We calculated the normalized difference vegetation index (NDVI) from the red and NIR-1 bands of the HR imagery and then added the NDVI as a new band to the HR dataset. Spectral signals were then extracted and assigned to the points generated in the HR VPI work with each assigned RCC class, and a random forest classification was performed to predict RCCs using the spectral information as covariates. The number of trees was set to 1000, with two variables tried at each split. After model fitting, we used a graph showing the out-of-bag error of each class versus the number of trees in the classification to explore the effects of sample sizes on the accuracy of the method and increase it when needed. Classification of HR imagery focused on classifying RCCs – trees, shrubs, grasses, bare ground, water, cultivated land, and impervious surfaces (e.g., Fig. 6). After training our classification algorithms on 90 % of the generated labels, we then used the remaining 10 % to compare the (out-of-sample, OOS) prediction of the classifier against the actual reference labels using confusion matrices. We set a threshold minimum value of 85 % overall accuracy for using the resulting classifications in the following analysis steps. A random sample of HR classified imagery with accuracies above the threshold was selected and visually inspected to understand misclassifications and their potential drivers. We increased our RCC-oriented VPI effort if threshold levels were not met until accuracy met our threshold value. Despite our efforts and due to cloud cover and other factors such as cropland misclassifications in humid areas, only 44.5 % (n = 143) of the total RCC classifications were retained using the 85 % accuracy threshold. Lower-accuracy classifications occurred in areas of highlands on the west and southeast portions of our study area, characterized by higher precipitation. After contrasting classification predictions against pan-sharpened images, we recognized that most of the misclassifications corresponded to classes including green vegetation such as grass, crops, and trees. Other sources of error included areas with cloud shadows and impervious surfaces.
2.3.3 Composition-based algorithm for HR reference data creation
After classifying HR strips and selecting those with higher accuracy, we applied a custom-made algorithm that uses a squared moving window of the size of a Landsat pixel (30×30 m) and calculates the proportion of HR pixels, representing the area in the window covered by each of the RCC classes from the predicted HR classification. Using the proportion of HR pixels for each RCC class allowed us to use both Worldview datasets, as they have different spatial resolution. Then, using the list of defined threshold compositional percentages of RCC classes per land cover class in Table 1, we built code to meet the criteria for each land cover class. We then selected a stratified random sample of 80 000 points to be used as training points for the Landsat classification, described next. Points retained the date of the HR strip used to generate them. Due to misclassifications associated with scattered cloud cover in some imagery, we further applied a buffer of 500 m around areas where more than 100 pixels of cloud or shadows were detected inside the moving window described above and excluded these from the RCC proportion calculation and class assignment.

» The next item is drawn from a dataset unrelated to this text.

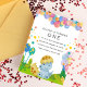 Plain white envelopes are included with paper invitations and will come to fit the invitation size you select. If you don’t need the envelopes, you may choose to not receive them by selecting the dropdown below "Envelopes" and choosing "None." If you’d like to have a design on your envelopes, you can browse all of these available envelopes to find the design that complements your Stomp Chomp Dinosaur 1st Birthday Invitation.
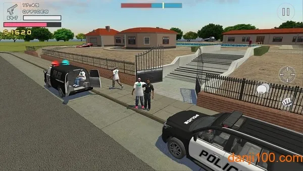 3、多元玩法体验:有驾驶警车追捕罪犯、参与武器战斗、完成各类任务等多种玩法,如车祸救援、人质解救等。

2.4 Land cover classification
2.4.1 Land cover classification model
Our LCC scheme is based on the state-and-transition model (STM; Bestelmeyer et al., 2017; Steele et al., 2012; Blanco et al., 2014) developed for this region by Liao and Clark (2018), with adjustments based on contributions from Pratt et al. (1966) and Liao et al. (2018) (Fig. 7). Specific changes included the addition of classes not included in Liao and Clark (2018) and more precise definitions of the characteristics of each class and the trajectories between them, given the extension of our study area. The scheme includes eight land cover classes, each representing a vegetation state defined by structure, cover, and functional group composition. The potential transitions among these states or classes are described in the mapping legend provided in Table 1, which adapts Table 1 from Liao and Clark (2018). However, tree, shrub, and herbaceous cover thresholds have been further refined to better define class separations. The bushland class was also more clearly defined as a state where herbaceous presence was severely limited by climatic and/or edaphic factors rather than interspecific competition with shrubs and/or trees for resources. Transition pathways associated with wild or prescribed fires have been excluded from Fig. 7 and the legend (Table 1) to simplify description and presentation given the complexities associated with fire-tolerant versus fire-intolerant woody species, wildfire control, and past prohibitions on prescribed fire.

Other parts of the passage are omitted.